### Description of the task
In the material below, find the line containing "Границы территориальных зон, подзон" and the line containing "Лазарева смотрит не на вас, а на говно". Output those two lines and all lines between them exactly, without pictures.

### Data extracts
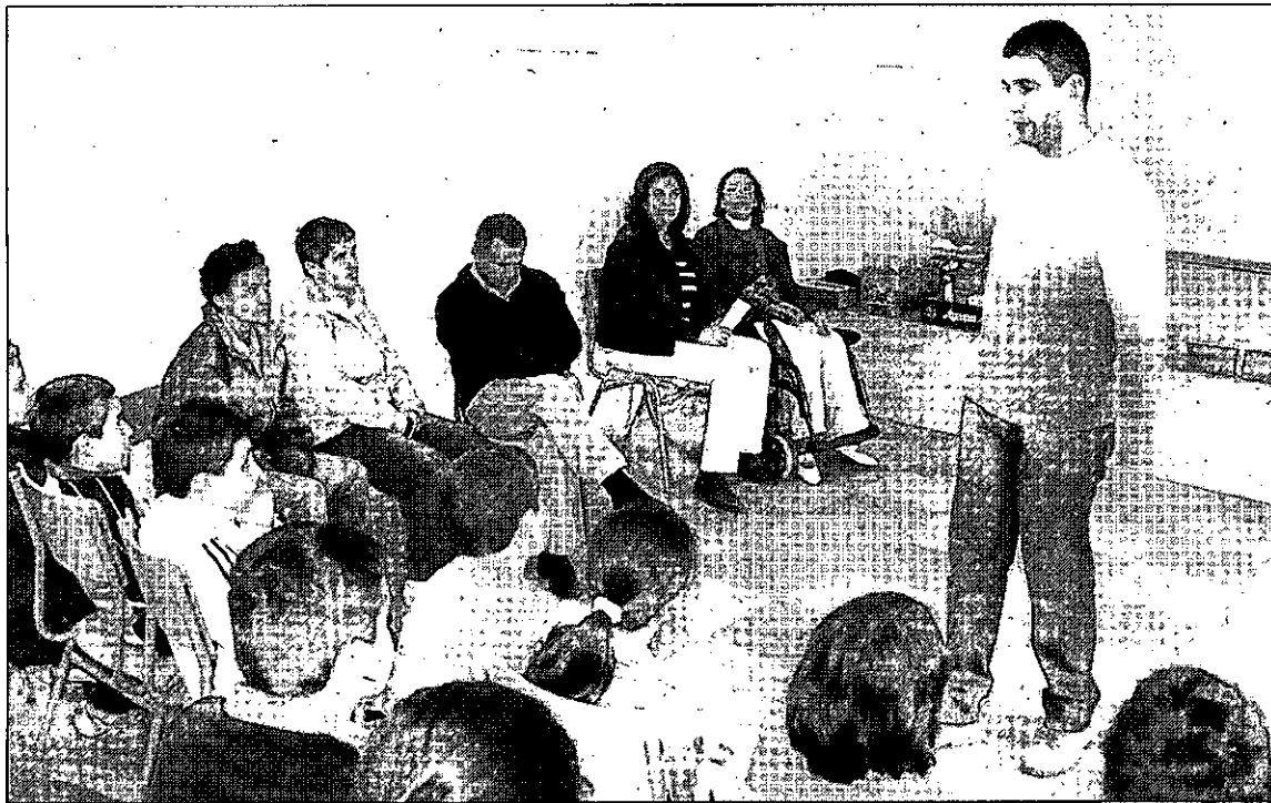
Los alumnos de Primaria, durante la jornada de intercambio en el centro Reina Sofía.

--

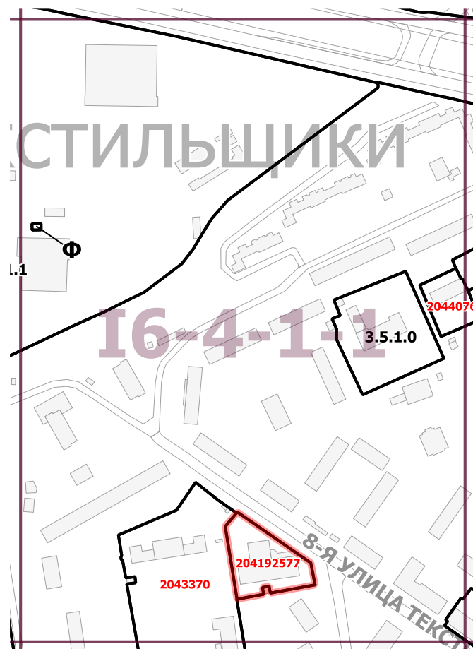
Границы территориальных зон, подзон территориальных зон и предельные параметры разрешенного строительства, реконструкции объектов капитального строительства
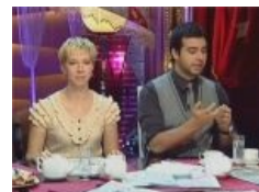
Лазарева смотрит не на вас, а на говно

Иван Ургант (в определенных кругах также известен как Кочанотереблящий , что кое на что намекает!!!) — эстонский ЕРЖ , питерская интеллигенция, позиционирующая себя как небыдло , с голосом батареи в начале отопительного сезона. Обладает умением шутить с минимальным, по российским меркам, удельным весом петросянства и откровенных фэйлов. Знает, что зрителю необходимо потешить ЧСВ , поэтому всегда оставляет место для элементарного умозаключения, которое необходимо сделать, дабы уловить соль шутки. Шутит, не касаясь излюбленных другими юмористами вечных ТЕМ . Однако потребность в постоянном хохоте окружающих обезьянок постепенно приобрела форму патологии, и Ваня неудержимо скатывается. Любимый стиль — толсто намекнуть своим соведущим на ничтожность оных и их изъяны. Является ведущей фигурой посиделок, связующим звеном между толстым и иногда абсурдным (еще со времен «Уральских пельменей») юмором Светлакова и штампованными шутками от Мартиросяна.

### Response for this exercise
Границы территориальных зон, подзон территориальных зон и предельные параметры разрешенного строительства, реконструкции объектов капитального строительства
Лазарева смотрит не на вас, а на говно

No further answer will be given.